By Bill Wine
KYW Newsradio 1060

PHILADELPHIA (CBS) — The lemurs are among the earliest of primates, having coexisted with dinosaurs millions of years ago and then outlived them by plenty. But they’re extinct now in their native Africa.  Instead, hundreds of species of lemurs have adopted a new home.



(2½ stars out of 4)

There, in an island country in the Indian Ocean off the coast of Africa –- the fourth-largest island in the world -– and with no natural predators, the highly evolved but currently endangered lemurs have become a diverse and colorful population, including among its variety of species the cave-dwelling ringtail lemur, the singing indri lemur, and the tiny but tough mouse lemur.

Island of Lemurs: Madagascar is a nature documentary about Dr. Patricia C. Wright’s mission to help the endearingly peculiar lemurs, who turned up as castaways millions of years ago (“lemur” means “wandering spirit” in Latin) in the Republic of Madagascar.

But because the vast majority of the forest has been burned away by humans (who showed up about 2,000 years ago) in the name of slash-and-burn agriculture -– that is, to make room for profitable farming and grazing fields — lemurs have not had an easy adjustment in their shaky new habitat.

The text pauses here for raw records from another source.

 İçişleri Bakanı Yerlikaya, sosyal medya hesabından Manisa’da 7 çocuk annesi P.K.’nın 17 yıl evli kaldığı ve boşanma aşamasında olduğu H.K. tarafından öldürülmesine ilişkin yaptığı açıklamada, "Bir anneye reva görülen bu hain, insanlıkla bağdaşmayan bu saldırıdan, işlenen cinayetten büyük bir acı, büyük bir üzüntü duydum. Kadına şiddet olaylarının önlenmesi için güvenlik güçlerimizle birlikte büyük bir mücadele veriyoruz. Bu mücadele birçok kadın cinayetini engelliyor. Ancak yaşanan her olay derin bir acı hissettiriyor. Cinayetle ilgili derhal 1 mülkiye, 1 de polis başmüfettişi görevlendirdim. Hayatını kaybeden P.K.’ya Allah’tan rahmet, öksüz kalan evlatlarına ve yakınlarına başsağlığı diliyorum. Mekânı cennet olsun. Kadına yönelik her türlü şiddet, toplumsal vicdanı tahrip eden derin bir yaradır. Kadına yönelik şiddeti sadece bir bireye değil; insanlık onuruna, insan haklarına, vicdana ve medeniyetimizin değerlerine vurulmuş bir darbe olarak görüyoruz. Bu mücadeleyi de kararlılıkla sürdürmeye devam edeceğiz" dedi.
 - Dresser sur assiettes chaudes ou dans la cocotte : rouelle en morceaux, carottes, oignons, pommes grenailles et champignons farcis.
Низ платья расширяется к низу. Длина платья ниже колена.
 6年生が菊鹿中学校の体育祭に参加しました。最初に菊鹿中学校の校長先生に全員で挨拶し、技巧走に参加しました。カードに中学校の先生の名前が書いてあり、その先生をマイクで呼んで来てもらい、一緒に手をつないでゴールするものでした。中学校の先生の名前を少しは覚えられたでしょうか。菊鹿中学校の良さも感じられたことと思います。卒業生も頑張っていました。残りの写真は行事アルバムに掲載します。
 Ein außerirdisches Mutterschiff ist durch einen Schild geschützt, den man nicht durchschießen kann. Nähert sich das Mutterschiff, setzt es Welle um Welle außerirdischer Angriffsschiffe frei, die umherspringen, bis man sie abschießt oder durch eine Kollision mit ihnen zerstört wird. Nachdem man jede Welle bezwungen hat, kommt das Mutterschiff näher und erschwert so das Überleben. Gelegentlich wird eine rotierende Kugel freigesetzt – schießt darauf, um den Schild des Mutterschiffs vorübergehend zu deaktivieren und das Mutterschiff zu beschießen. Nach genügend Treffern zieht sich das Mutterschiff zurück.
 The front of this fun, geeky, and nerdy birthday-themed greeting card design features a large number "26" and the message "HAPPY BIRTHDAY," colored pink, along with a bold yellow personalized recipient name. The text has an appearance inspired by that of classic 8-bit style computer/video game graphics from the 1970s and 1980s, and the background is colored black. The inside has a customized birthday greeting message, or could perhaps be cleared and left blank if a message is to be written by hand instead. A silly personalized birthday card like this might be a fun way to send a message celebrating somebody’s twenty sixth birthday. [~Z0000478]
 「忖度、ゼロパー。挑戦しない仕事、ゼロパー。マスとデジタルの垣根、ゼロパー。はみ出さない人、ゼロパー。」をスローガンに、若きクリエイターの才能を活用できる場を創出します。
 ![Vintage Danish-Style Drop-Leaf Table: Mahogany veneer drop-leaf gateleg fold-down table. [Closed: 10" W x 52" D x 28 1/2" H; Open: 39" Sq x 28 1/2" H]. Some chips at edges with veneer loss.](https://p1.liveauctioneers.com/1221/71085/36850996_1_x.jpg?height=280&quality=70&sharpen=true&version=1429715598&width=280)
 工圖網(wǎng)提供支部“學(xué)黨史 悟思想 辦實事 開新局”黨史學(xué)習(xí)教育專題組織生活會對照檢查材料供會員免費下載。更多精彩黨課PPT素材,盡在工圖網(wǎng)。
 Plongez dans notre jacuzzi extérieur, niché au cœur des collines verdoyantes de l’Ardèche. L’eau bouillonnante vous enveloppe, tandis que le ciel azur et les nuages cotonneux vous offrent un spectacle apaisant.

By now, about 90 percent of Madagascar’s forests and ecosystems have disappeared as a result of farming or fire. And the lemurs live in those trees so frequently being set on fire. Consequently, about the same percentage of the 103 known lemur species are now considered endangered.

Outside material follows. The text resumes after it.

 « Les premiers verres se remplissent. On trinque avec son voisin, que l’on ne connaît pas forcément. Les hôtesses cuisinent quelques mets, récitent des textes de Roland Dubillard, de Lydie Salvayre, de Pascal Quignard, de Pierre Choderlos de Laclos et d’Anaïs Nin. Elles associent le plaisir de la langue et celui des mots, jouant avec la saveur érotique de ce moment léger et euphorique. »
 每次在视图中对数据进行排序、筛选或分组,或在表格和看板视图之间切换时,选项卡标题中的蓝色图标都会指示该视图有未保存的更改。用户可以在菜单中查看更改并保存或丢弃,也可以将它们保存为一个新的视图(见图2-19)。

The golden bamboo lemurs are the most critically endangered of all. Until the 1980s, when Dr. Wright finally discovered a few stragglers in what was left of the picturesque rainforest, they were thought to be extinct.

As the film opens, only two golden bamboo lemurs –- so-called because they consume bamboo shoots and are somehow able to metabolize the toxic levels of cyanide in them — are living on the preserved land. But Dr. Wright’s team of primatologists and conservationists attempt to find additional potential mates to repopulate the species.

And that means braving an intimidating wildfire to rescue several of them.

Now, as a result of their efforts, there are perhaps a hundred or so of these matriarchal mammals, photogenic creatures with their bulging, unblinking eyes and their energetic dances and pounces as they leap from treetop to treetop.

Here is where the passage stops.